BACKGROUND OF THE INVENTION 1. Field of the Invention The present invention relates to a pneumatic tire for cultivated land, for example, a pneumatic tire with lugs which is mounted on an agricultural tractor or the like and is used for paddy field work and field work.

[0002]

2. Description of the Related Art Conventionally, a pneumatic tire for agricultural land has a lug-shaped pattern in which a large number of lugs are arranged in a U-shape on a tread surface in order to ensure running performance when traveling on muddy or soft ground. Is used. Especially for agricultural products, high rug patterns with high rug heights were the mainstream in Japan because paddy field work was the center. However, in recent years, the shift from paddy field cultivation to field cultivation has increased due to a change in agricultural policy, and cases that are used for both paddy field work and field work have become mainstream.

[0003]

By the way, the conventional pneumatic tire with lugs of the high lag pattern is manufactured mainly in consideration of paddy field work, and can exhibit excellent traction in muddy places and the like. However, there is a drawback that soil is dug not only in the paddy field but also in the field work, the cultivation is deepened, and the field is exposed.

In the field work, when a tractor or the like travels along a ridge, the tractor travels along the ridge using the width of the sidewall of the tire as a guide.

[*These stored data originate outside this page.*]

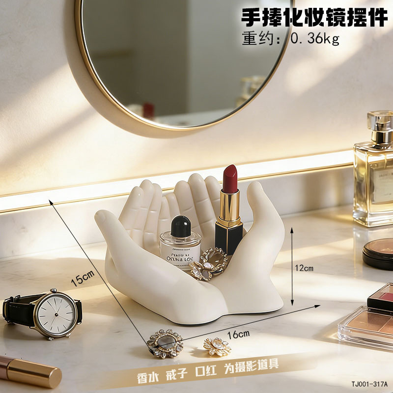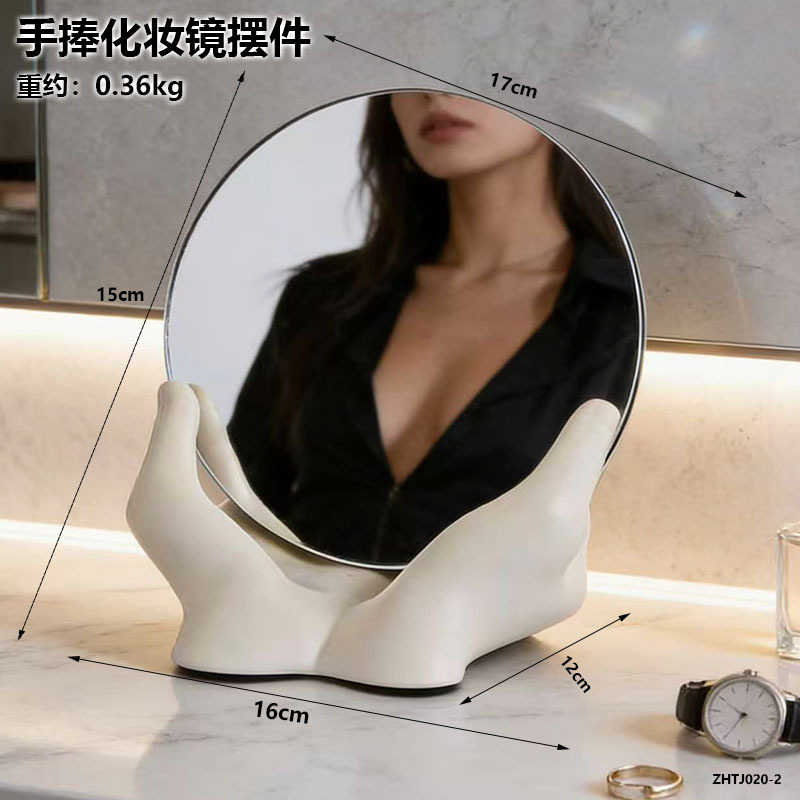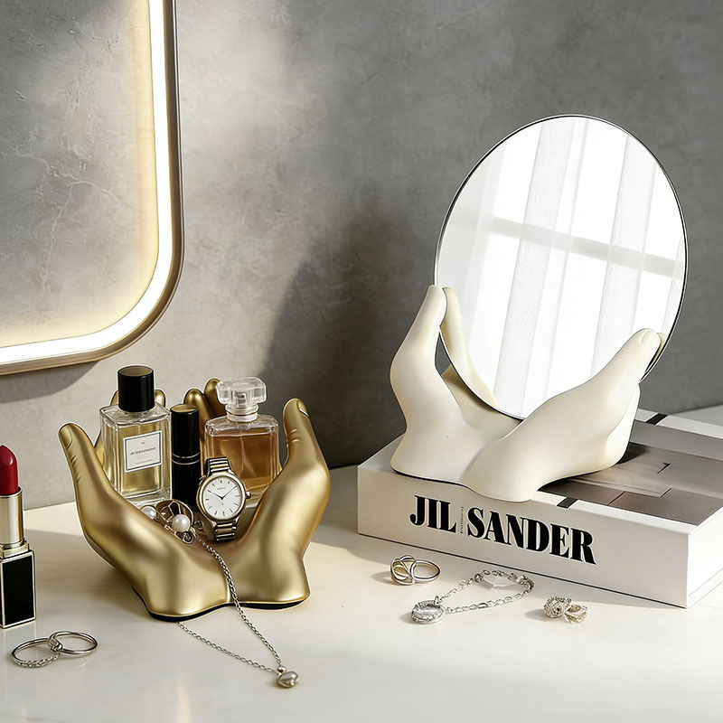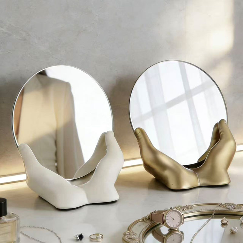 크림 스타일 휴대용 화장 거울 장식품 홈 침실 화장대 데스크탑 하이 엔드 스토리지 장식 장식품
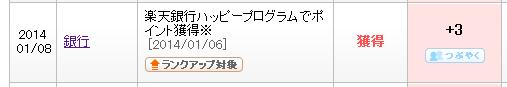 楽天銀行からハッピープログラムのポイントをいただきました。
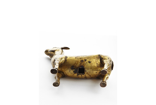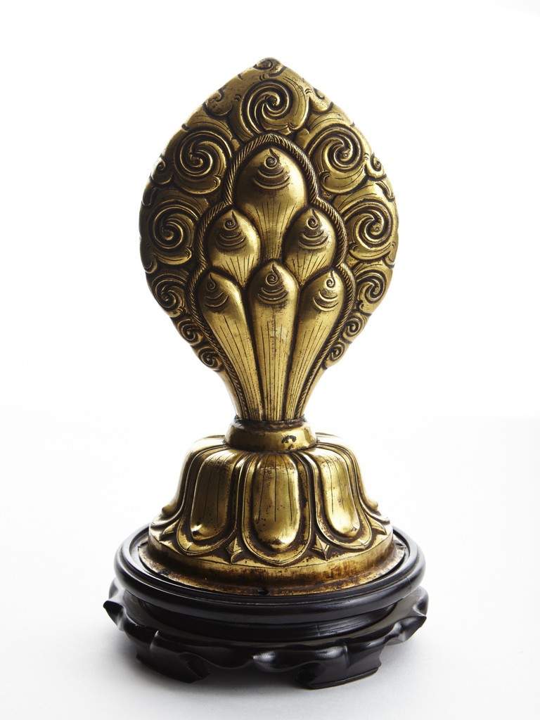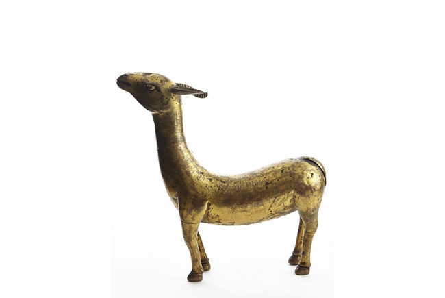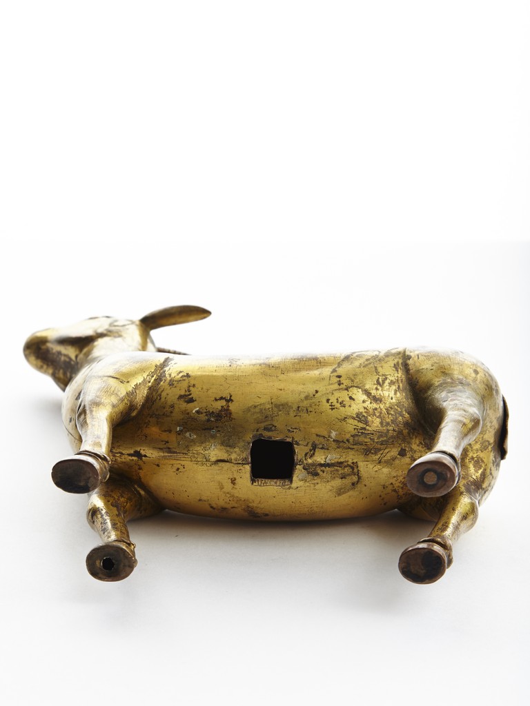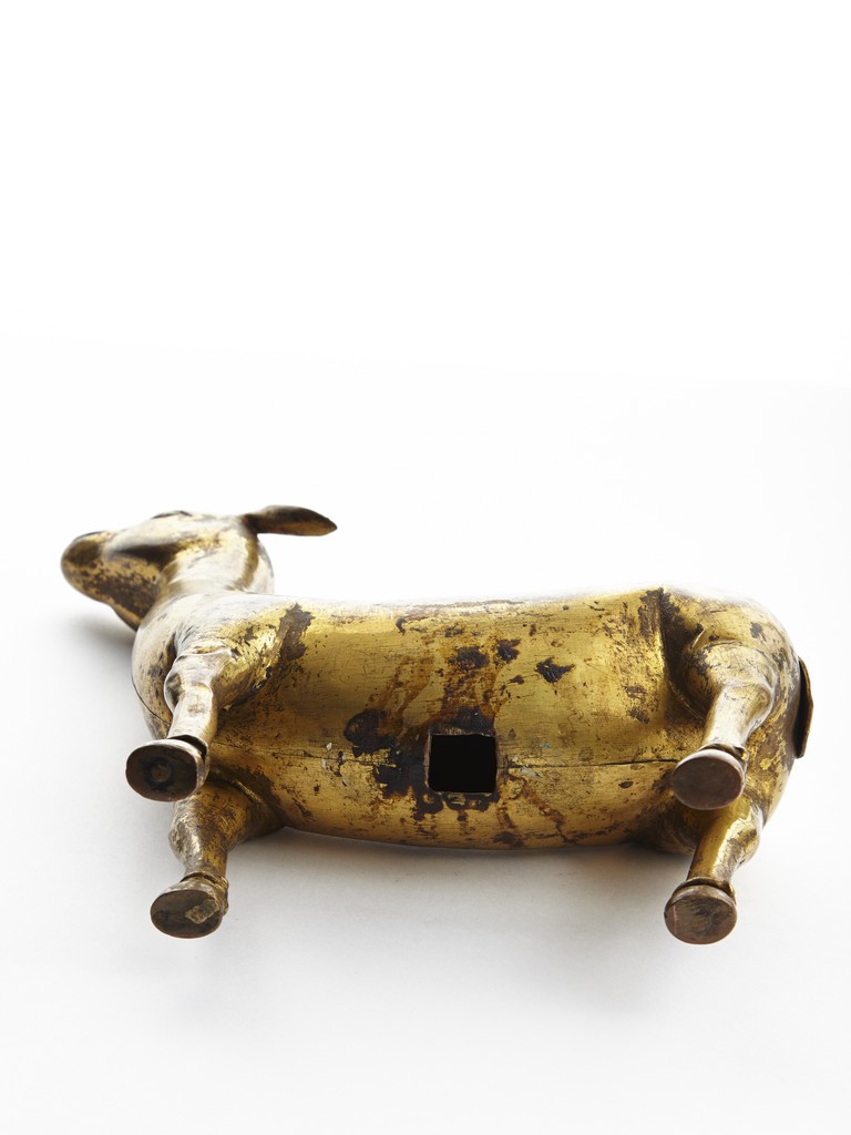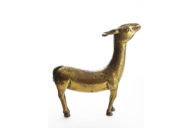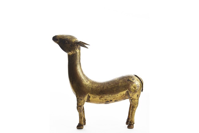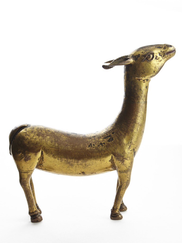 "Each deer is shown standing foursquare with head raised, one with a short single horn, all gilt overall, along with a gilt-bronze Tibetan whell with lotus design to the base, the top with scrolled motif 19th Century."

As shown in FIG. 10, the tire has a disadvantage that the ridge 21 is broken by the lug portion 5a exceeding the sidewall width W1 because the tread width W2 is set to be wider than the tire sidewall width W1 which is a guide. there were. An object of the present invention is to solve the above-mentioned drawbacks and to perform paddy work while maintaining traction on muddy or soft lands, which is an excellent advantage of the conventional high lag pattern, and to improve the depth of soil in a field. It is an object of the present invention to provide a pneumatic tire with lugs that suppresses digging. A further object of the present invention is to provide a pneumatic tire with lugs that can be used for paddy field cultivation and field cultivation that prevent ridge collapse in field work.

[0005]

In order to achieve the above-mentioned object, the present invention provides a pair of left and right sidewalls and a crown portion extending from the central portion to the two sidewalls. A lug extending obliquely with respect to the circumferential direction toward the shoulder portion side and protruding in the shape of a letter C, and a tread arranged in the circumferential direction, and the tip portion of the lug at the center side of the crown portion is grounded first. In the case of a pneumatic tire with a lug in which the rotation direction of the tire is specified such that the rear end of the crown shoulder side comes in contact with the ground with a delay, the lug is depressed in the lug cross-sectional shape on a cross section parallel to the equatorial plane of the tire. The side wall has an angle of 30 ° or more with a straight line connecting the tip edge of the side wall and the tire rotation axis, and the width of the tread does not exceed the width of the tire sidewall. In the side wall of the depression side of the lug,
It is formed by connecting linearly from the tip edge of the side wall to the base of the side wall on the kick-out side of the lug adjacent in the circumferential direction.

[0006]

[0007]

The traction performance of a pneumatic tire with lugs is greatly affected by the lug projected area in the tire radial cross section. That is, the larger the projected area is, the more the traction is improved, and the more easily the vehicle travels on a soft ground. However, there is a limitation due to the conditions of use of the tire, durability and size of the tire, and the projection area of the lug is limited.
Further, for example, the projection area is also limited when the tread width is set not to exceed the tire sidewall width in order to satisfy the use conditions of both paddy field cultivation and field cultivation.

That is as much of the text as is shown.